Table 4. Mean Sizes and Ages of Voles Molting from Subadult to Adult Pelage

The mean age of the ten voles molting was ten weeks (8-12). Six males averaged 9.67 weeks, almost a week younger than four females, who averaged 10.5 weeks. The difference in age at time of molting between the sexes was not significant. Differences between the sexes in other characteristics to be described also lacked significance. Mean weights at the time of molting were: males, 32.67 gms. (30-36); females, 29.0 gms. (28-30); and all individuals, 31.2 gms. (28-36). Because a piece of the tail of each vole had been removed in marking, the total length of the voles could not be determined. Body length, excluding tail, was used. Howell (1924:986) found this measurement subject to less individual variation than total length and thought body length was probably a better indicator of age. Mean body length at the time of molting was 103.8 mm. (96-116). Males averaged longer than females and were also more variable. The mean body length of males was 106.16 mm. (96-116) and that of females was 100.25 mm. (98-102).

Of the subadults showing no signs of molting, none was above the mean age of molting. Twenty-five per cent of them were longer and heavier than the mean length and weight of those that were molting. Of the 20 adults in the series, one was below the mean weight of molting and one was shorter than the mean length of molting.

When Howell (op. cit.:1014) studied skulls of Microtus montanus he found that the condylobasilar length was the most satisfactory means for arranging his series of specimens according to their age. When the skulls of my series were arranged according to their age (as determined from trapping records) the graph of the condylobasilar lengths showed a clear, though not perfect, relationship to age ([Fig. 13]). No separation of sexes was made because the sample did not permit it. In [Fig. 13] graphs of weight, as determined in the field, and of length (excluding tail) also were included because they are the most easily measured characters of live voles. The graphs indicate individual variation in these characters which limits their usefulness in determining age.

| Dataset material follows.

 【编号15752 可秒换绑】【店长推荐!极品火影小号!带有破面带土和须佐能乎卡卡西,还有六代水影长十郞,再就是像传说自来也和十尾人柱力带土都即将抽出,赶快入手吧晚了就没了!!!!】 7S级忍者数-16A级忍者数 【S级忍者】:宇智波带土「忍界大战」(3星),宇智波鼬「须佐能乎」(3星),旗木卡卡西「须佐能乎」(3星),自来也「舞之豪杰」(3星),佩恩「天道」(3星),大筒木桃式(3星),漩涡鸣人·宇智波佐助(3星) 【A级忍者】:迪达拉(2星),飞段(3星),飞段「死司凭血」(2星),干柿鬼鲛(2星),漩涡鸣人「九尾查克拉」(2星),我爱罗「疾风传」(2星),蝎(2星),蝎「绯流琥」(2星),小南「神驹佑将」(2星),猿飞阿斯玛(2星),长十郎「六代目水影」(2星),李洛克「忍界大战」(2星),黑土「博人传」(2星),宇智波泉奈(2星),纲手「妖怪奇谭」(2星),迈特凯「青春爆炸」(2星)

Fig. 13. Graphs of the condylobasilar lengths, body lengths and weights of a series of voles of known age. Within each age group, the youngest vole is on the left in the graphs.

When other cranial measurements, and ratios of pairs of measurements, were plotted in the same order, individual variation obscured some of the variation due to age and the curves resembled those of weight and length of body rather than that of condylobasilar length. When the cranial measurements were averaged for the age groups the curves showed a relationship to age but the relationship of mean measurements is of little use in determining the age of individual specimens. The data described above indicated that a study of the relationship of the condylobasilar length and age in a large sample might provide useful information.

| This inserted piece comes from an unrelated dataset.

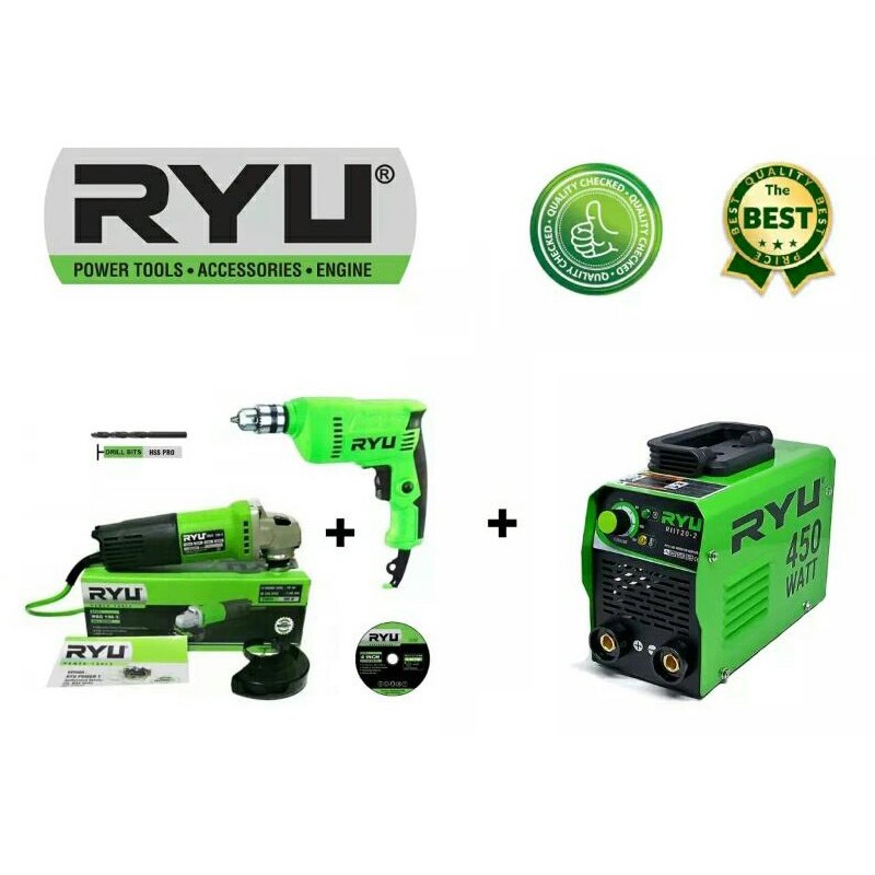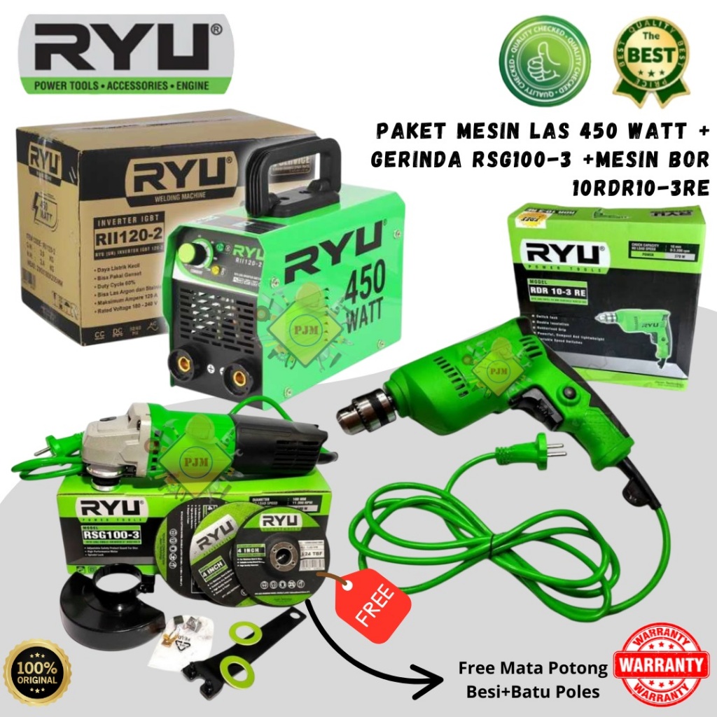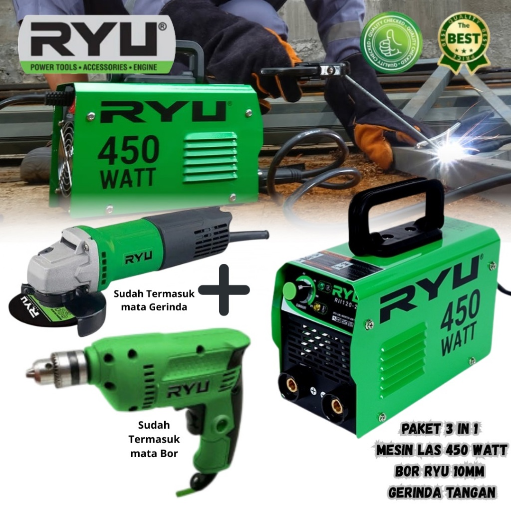 Paket Hemat Mesin Las 450 Watt Ryu RII 120-2 Travo Las RII 120-2 + Bor Ryu Besi Kayu RDR-3 10 Mm Bor Bolak Balik 2 Arah

Anyone who has examined mammalian skulls knows of many other characters which vary with age but which are difficult to measure and describe with precision. [Figs 14] and [15] are drawings of skulls of voles of known age. The most obvious change, related to aging, evident in the dorsal view of the skulls ([Fig. 14]) is the increasing prominence and closer approximation of the temporal ridges in older specimens. The lambdoidal ridge is also more prominent in older voles, and their skulls have a generally rougher and more angular appearance. The individual variation evident in these ridges is probably due to variations in the development of the muscles operating the jaws (Howell, 1924:1003). There is an increased flattening of the roof of the skull of older voles.